Закрыв глаза, я могу вообразить нечто совершенно невообразимое, но, увы, не могу представить на сцене строго объективного, жизненно достоверного процесса, рассчитанного на весь спектакль от начала до конца. У меня тотчас возникает невероятная скука и непреодолимое желание деформировать этот процесс в свободный и обязательный поиск новой среды обитания. Вахтангов называл подобное искушение «фантастическим реализмом».
При всей пестроте и несхожести моих работ есть все же нечто общее, что их, по-моему, объединяет. Это «нечто» я обозначаю для себя как «поэтический допуск», как «игру воображения», фантасмагорию, как «театральную фантазию на тему». Скорее всего, это авторский театр.
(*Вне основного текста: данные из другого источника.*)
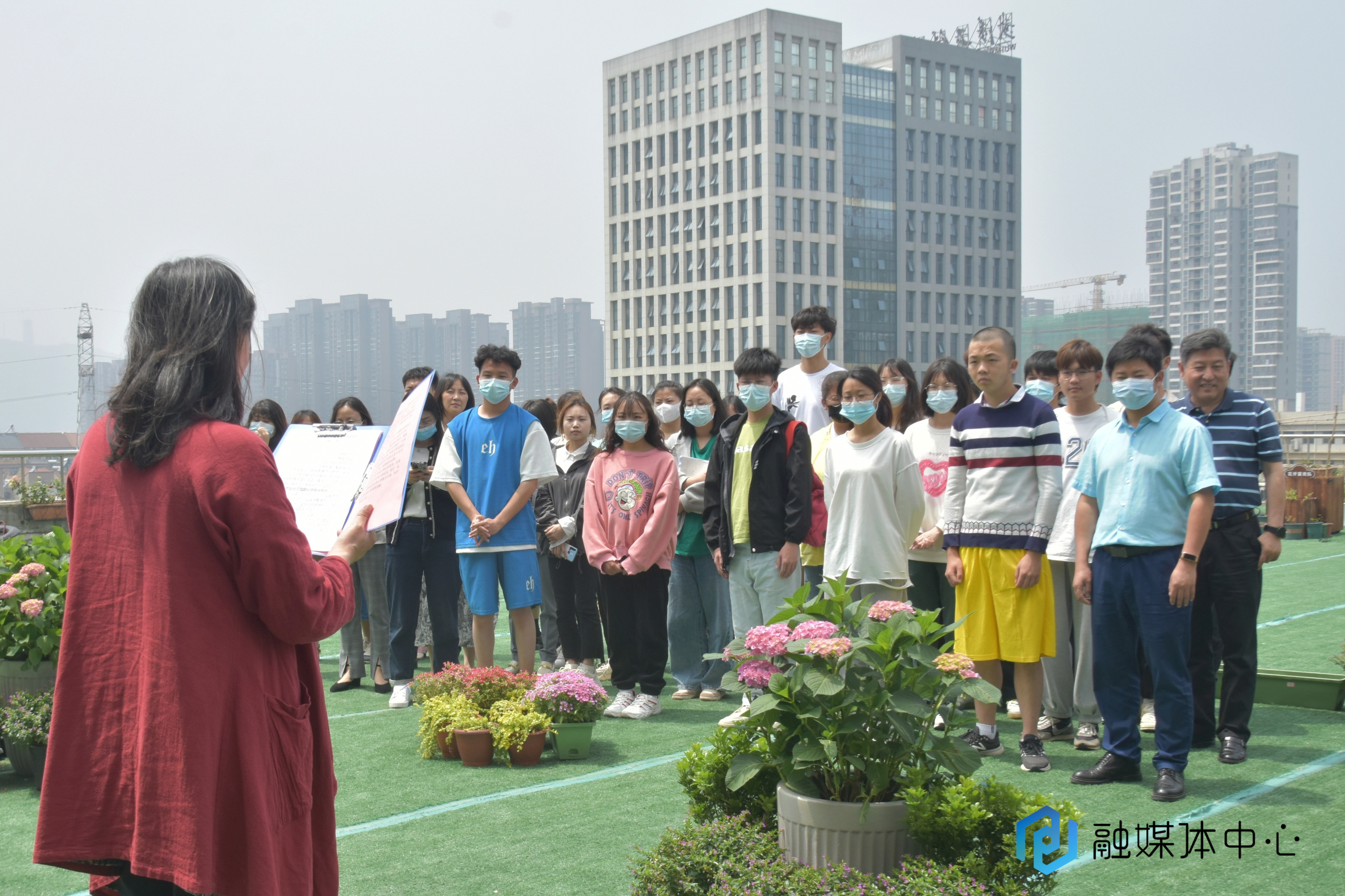 高芸对活动致辞。她指出,五感花园的建设为有需求的学生提供了实践基地,将积极心理学理论与园艺劳动活动有机结合,让同学们运用园艺材料维护美化校园环境,通过视觉、触觉、听觉、嗅觉、味觉五大感官体系与自然环境和植物进行接触,感受生命的活力,舒缓紧张的心情,激发学习生活的自信心。她表示,“五感花园”的开园标志着学校有了属于自己的空中花园,希望“五感花园”在未来学校心理健康教育中心发挥更大的作用。

И еще: подозреваю, что московский театр «Ленком», который я возглавляю, есть театр фантасмагорического, отчасти поэтического мировосприятия.
Второе серьезное признание: для меня стихия театра и стихия поэзии давно воссоединились в единое и неразрывное целое. Об этом хочется порассуждать чуть подробнее и поразнообразнее, путем смелых проекций с разных сторон, разными способами, с разными намерениями и разными настроениями. Слово «разный» относится к числу любимых, поэтому я им порой злоупотребляю, ибо втайне надеюсь, что оно в конечном счете подарит мне истину. Если и не истину в конечной инстанции, то, во всяком случае, запах истины, что немало.
Что до самой театральной истины, то она в конце XX столетия ведет себя легкомысленно, вечно ускользает от заинтересованных лиц, играет с ними в прятки, а при нахождении отказывается занимать постоянную точку на оси координат. Если б она раздваивалась, было бы полбеды, но сегодня истина троится, становится множественной, а иной раз и вовсе дематериализуется вопреки и назло закону о всеобщем сохранении энергии. Однако ученые-физики в свое время справились с потрясением, вызванным распадом материи на хаос элементарных частиц. Может быть, и нам удастся совладать с обилием тенденций в современном сценическом пространстве. Прекрасно, что в нашей лицедейской профессии появляется все больше понятий, которые не укладываются в точные нормативы, не уточняются системой дежурных определений.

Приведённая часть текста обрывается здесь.